Our income is taxed in a progressive manner. As your income increases, it slips into higher tax brackets where it's taxed at a higher rate. But before your income is subject to these tax brackets, it must exceed your exemption and standard deduction. Otherwise you pay no tax.
*Tax-free thresholds and filing status:
For 2013, your personal exemption is $3,900 no matter what your filing status is.
If you are filing single then your standard deduction is $6,100; it with your personal exemption totals $10,000. So, if you're filing as 'single' then $10,000 is your tax threshold; you're only taxed on income greater than this.
If you're filing married, your standard deduction is $12,200 - twice the single standard deduction. Increasing this amount by two times the personal exemption makes the married tax threshold $20,000. You can see it's just 2 x the single filing standard deduction and tax threshold.
Only that amount of income beyond threshold is taxed at the income tax rates given below - for single and for married filers.
If, as a single filer, you're 65 or older your standard deduction is increase by $1,200 to $7,300 putting your tax-free threshold at $11,200. You also get another $1,200 increase if you are blind.
And if you're both over 65 and married filing jointly, your tax-free threshold doubles to $22,400.
So now that you know your tax-free income threshold, let's see what the income tax rate is on any income that exceeds your threshold as a single and as a married filer.
*Income tax brackets:
Income is excess of your appropriate tax-free threshold is subject to federal income tax. The tax rate depends on that excess income above your threshold income.
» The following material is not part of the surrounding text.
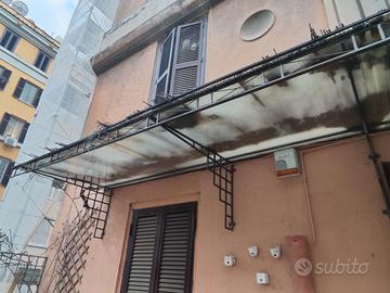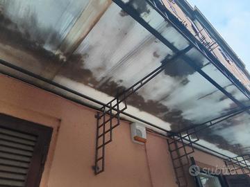 Vendesi tettoia in ferro 11 metri di lunghezza x 1,2 di profondità, attualmente smontata e divisa in tre parti (la copertura in plexiglas non è presente). Prodotto artigianale creato su misura, vendo per ristrutturazione terrazzo.

The excess income has a tax bracket amount and tax rate that depends on your filing status.
These bracket rates are: 10 % beginning at $1 excess for single and $1 also for married filing jointly; then it jumps to 15% above an excess of $8925 for single and $17,850 for married; then 25% for excess income above $36,250 single and $72,500 for married; 28% above $87,850 single and $146,400 married, 33% above $183,250 single and $223,050 married, 35% $398,350 single, $398,350 married, 39.6% $400,000 single and $450,000 married. You can see that the rates converge for same income whether single or married at higher incomes.
*Investment tax rates:
Your investment income that's subject to yearly taxation (i.e. not part of a tax-deferred qualified plan) is composed of interest, dividends and capital gains and losses from sales in that year. All interest income is added to your working income. So it's subject to your highest tax bracket rate if you consider it's added on top of your working income.
All non-qualified dividends and short term (held for 1 year or less before selling) capital gains are added to your working income just like your interest income. So they're taxed at the highest tax bracket rates they bring you into.
Both long term capital gains and qualified dividends are taxed at lower tax rates. Presently, that rate depends on your excess income and brackets are ascribed to these rates too.
The rates for both your long term capital gains and qualified dividends have a rate based on your excess income and your filing status. These bracket rates are: 0% (i.e. there's no tax) for single below $36,250 and for married below $72,500; 15% for single above $36,250 and for married above $7250; and the last bracket is at 20% for single above $400,000 and married above $450,000.
Now that you know how you will be taxed on what income, you can plan to minimize your exposure to higher tax rates by deferring gains or taking capital gain losses, or other approaches.